▶ _Assigned task_: Everything from the line with "The wireless backup" through the last line of the data below should be copied exactly, apart from the pictures.

▶ _Source material_:
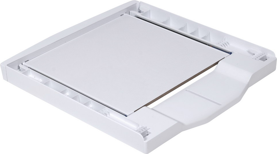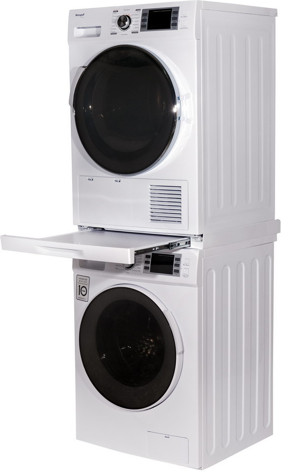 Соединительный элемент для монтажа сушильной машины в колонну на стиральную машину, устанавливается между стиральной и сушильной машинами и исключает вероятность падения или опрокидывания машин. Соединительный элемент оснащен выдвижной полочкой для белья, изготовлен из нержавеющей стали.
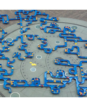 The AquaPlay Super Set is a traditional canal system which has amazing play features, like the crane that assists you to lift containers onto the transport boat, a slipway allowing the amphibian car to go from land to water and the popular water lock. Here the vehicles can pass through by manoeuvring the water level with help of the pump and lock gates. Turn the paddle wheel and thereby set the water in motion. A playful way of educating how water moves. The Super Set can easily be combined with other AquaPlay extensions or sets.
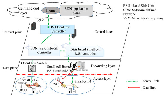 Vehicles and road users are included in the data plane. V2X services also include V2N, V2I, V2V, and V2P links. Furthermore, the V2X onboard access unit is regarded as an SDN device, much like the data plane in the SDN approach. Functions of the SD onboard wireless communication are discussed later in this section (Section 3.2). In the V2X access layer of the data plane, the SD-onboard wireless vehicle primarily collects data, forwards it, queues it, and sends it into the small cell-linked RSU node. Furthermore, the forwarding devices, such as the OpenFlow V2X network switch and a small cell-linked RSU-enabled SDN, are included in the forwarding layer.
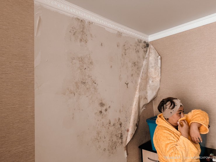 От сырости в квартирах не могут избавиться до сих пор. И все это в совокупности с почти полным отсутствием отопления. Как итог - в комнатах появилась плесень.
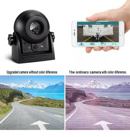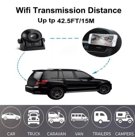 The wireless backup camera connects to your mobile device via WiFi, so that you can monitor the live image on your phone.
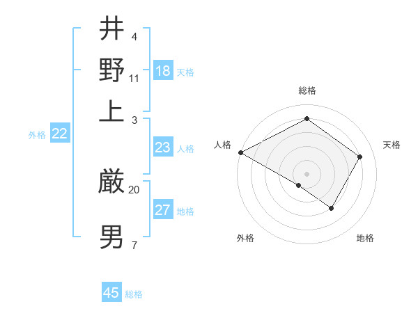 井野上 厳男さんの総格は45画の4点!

▶ _Task solution_:
 The wireless backup camera connects to your mobile device via WiFi, so that you can monitor the live image on your phone.
 井野上 厳男さんの総格は45画の4点!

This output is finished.